0:06:49.9 ND: And all the biosensing chips and consumables are also offered to really enable a turnkey discovery process. In terms of applications, there's three kind of main applications that really provide value to customers. One is kinetics or affinity screening. So, that shown on the left is typically antibodies arrayed on the surface, and we do a screen of a single antigen injected across that array. This is really powerful because we can screen up to 1152 species at a single run, and it can be done from both crude and purified sources. So, whatever stage in the process and whatever processes are upstream of the LSA, the LSA is adaptable to those. The second technique is epitope characterization, where most typically we do competitive epitope binning. We're looking for clusters of antibodies that share unique epitopes on the antigen. There's also opportunities to interrogate epitope doing peptide mapping or mutant mapping, and even blockade assays. All of these are critical to understand mechanism of action and use that in conjunction with other datasets to better understand how the candidate antibodies relate. And then the last assay is quantitation, where we would take material typically from crude sources most commonly and screen them and understand tighter levels.
0:08:05.2 ND: And this often is run actually as a front end to maybe kinetics or epitope characterization, where there is crude material, and we're just trying to understand kind of what expression levels are like and understand how to optimize assays subsequent to that. And again, this can screen 1152 supernatants, for example, in a single run. So kind of going back to those single run throughput capabilities, you can see here that everything is in the hundreds, if not thousands, in terms of throughput. Kinetic affinity, epitope binning and mapping, quantitation, even the blocking and neutralization assays, all at a minimum can screen up to 384 samples at a time and often go much higher than that in a single run. And so really we're seeing, again, throughput levels that really are extremely well aligned with early discovery and really just unparalleled. So really opening up doors in terms of what can be done with biosensors in early discovery. This is just an example of some of the data we're getting in a kinetic run, 384 unique affinities, a single run, only 7 micrograms of antigen consumed for this entire dataset and a full detailed titration of eight points measured.

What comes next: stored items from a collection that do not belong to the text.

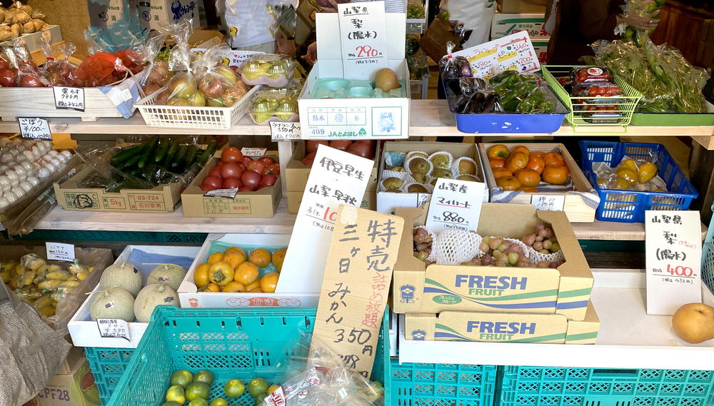 正面入り口側の比較的大きなテナントに入る【野菜とフルーツ+真心 ハコ】さん。様々な旬の野菜・フルーツが並び、みかんの詰放題などもありました。
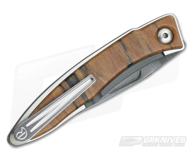 The Handle: Exquisitely handsome spalted beech wood scales have been inlaid into the titanium handles on the front and back of the knife. Fit and finish on this timeless classic is outstanding. Optimum reliability with quality materials make the ideal gentleman’s carry.
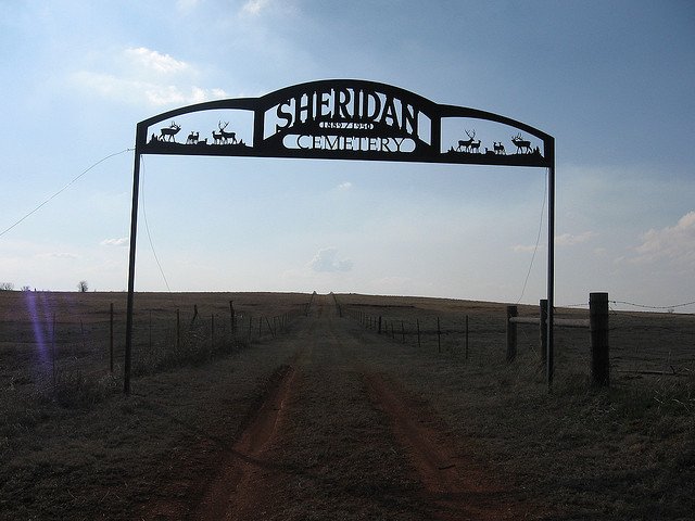 5miles west OK highway 51/74 on OK 51. West of Roxanna, Oklahoma. Signs on south side of highway. Sheridan Cemetery is located south of sign on Highway.

0:09:16.2 ND: What you can also see in here, it may be a little hard depending on kind of the size of your monitor, is that we have replicates actually built into this. And that's a good point to make that while many researchers may screen and have 384 unique clones, for example, they want to screen, oftentimes you may want to screen a smaller number of clones but test under different conditions. And in this case, we can see that when we vary the concentration of the amount of material antibody in this instance that we capture on the surface, you can get different binding responses. And that's important for kinetic studies to kind of understand where's the kinetic sweet spot in measuring it. And that can all be done in a single run by varying that concentration that's captured onto the surface. And additionally, there's the ability to build in replicates as well. So even, again, if there's not 384 unique clones but maybe a subset of that, you can build in replicates to get confidence in the measurements you're making in the assay.

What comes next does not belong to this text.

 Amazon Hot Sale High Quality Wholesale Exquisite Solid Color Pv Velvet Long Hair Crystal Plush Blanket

0:10:08.8 ND: Same goes for epitope binning. This is 100,000 plus interactions measured in a single experiment, only needing five micrograms of antibodies. So even for small scale expression paradigms, this is an excellent fit. And the amount of data here is tremendous, really understanding what the epitope diversity is in an early panel of clones. And kind of putting the picture together, this is sort of a proof point that had come out of Eli Lilly and AbCellera working during the pandemic to identify therapeutic antibodies that could actually mitigate infection in individuals. And so in this particular set of experiments all shown here in a very elegant publication, all this data generated on the screen was done on the LSA looking at both affinity, epitope recognition, domain binding, as well as ACE2 blocking for this panel of antibodies. What's significant is Lilly took the process and was effectively able to get the first in human trials within 90 days, which is unprecedented. And the LSA played such a critical role in that because within only six days, they were able to generate all this data on their panel of candidates and really drive the project at unprecedented level. So really exciting to see that throughput does make a very meaningful impact in drug discovery and in this case, critical to saving lives.
0:11:26.2 ND: And so, as I sort of transition here to the informatics part of our talk, I'll kind of mention that for LSA data, we generate two file types off the system or one file type originally, which is the.SPR data, the raw data file. And then using our kinetics or epitope packages, we have the ability to generate processed files with varying degrees of processed levels of data. But either of these are excellent, but unfortunately, they kind of are in a vacuum. Drug discovery projects are sophisticated. There's data coming in from orthogonal sources. There really needs to be a way to pull all the great data coming off the LSA into a package that can view it all, perform additional analyses, and really meld that with different datasets across the project to drive meaningful decisions. And that's kind of where PerkinElmer and their informatics platforms come in here, that Christoph will discuss. They really enable LSA data to really speak amongst all the other pieces of data in a discovery project and allow researchers to really make the most of that data. So with that, I'll transition over to Christoph.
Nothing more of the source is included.